А Маргарита встречала так. Кинется к порогу, когда он войдет, поднимется на носочки (в домашних тапочках она была совсем маленькой), вцепится в плечи, и замрет ее голова на его груди. Слышно, как дышит, а волосы щекочут подбородок и лицо Александра Ивановича.
Тут было ему хорошо.
Однажды она сказала ему… Он сидел, она стояла перед ним, не отходила, не отводила его рук, а на плитке кипел чайничек, она ему сказала:
– Когда вы будете очень смелым, тогда я, Сергей Сергеевич, вам… когда вы…
Она вдруг заплакала и, обнявши его и пряча лицо свое за плечом Александра Ивановича, всхлипнула, и говорила сквозь слезы:
– Вы меня не жалейте, Сергей Сергеевич, я не хочу, чтобы вы меня жалели, не хочу…
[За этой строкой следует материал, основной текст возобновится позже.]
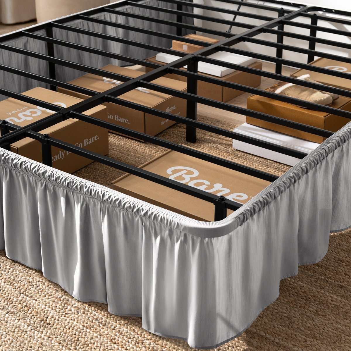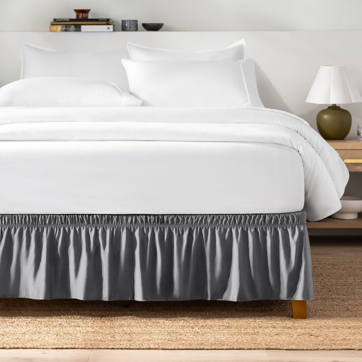 Our Adjustable Bed Skirt is designed for a clean, tailored look without the hassle of lifting your mattress. The wrap-around design with adjustable elastic straps makes installation quick and easy while ensuring a secure fit on most bed frames. With a generous 15” drop, this ruffled bed skirt effortlessly conceals box springs, bed frames, and under-bed storage, instantly giving your bedroom a more polished, clutter-free look.

Александр Иванович лежал с закрытыми глазами и вспоминал, как она тогда плакала и как говорила, каким плачущим голосом. Вспоминал и был счастлив, и не думал, что умирает. И тихо было, потому что в палате он был один. Аспирант Мотькин где-то в шахматы играл, Бабаенок вышел проводить супругу, которая опять принесла полную корзину еды, на мясокомбинате работала и носила Бабаенку разные колбасы, мясо холодное, котлетки, соку приносила, потому что Бабаенок без соку уже не мог глотать почти ничего. Распотрошил корзину, наелся, наговорился тихонько с супругой и пошел проводить ее. А зеленый и желтоглазый Саенко Кирилл Петрович еще утром был уведен на эту лапороскопию, мучился где-то, страдал. И в палате тихо было, один лежал Александр Иванович.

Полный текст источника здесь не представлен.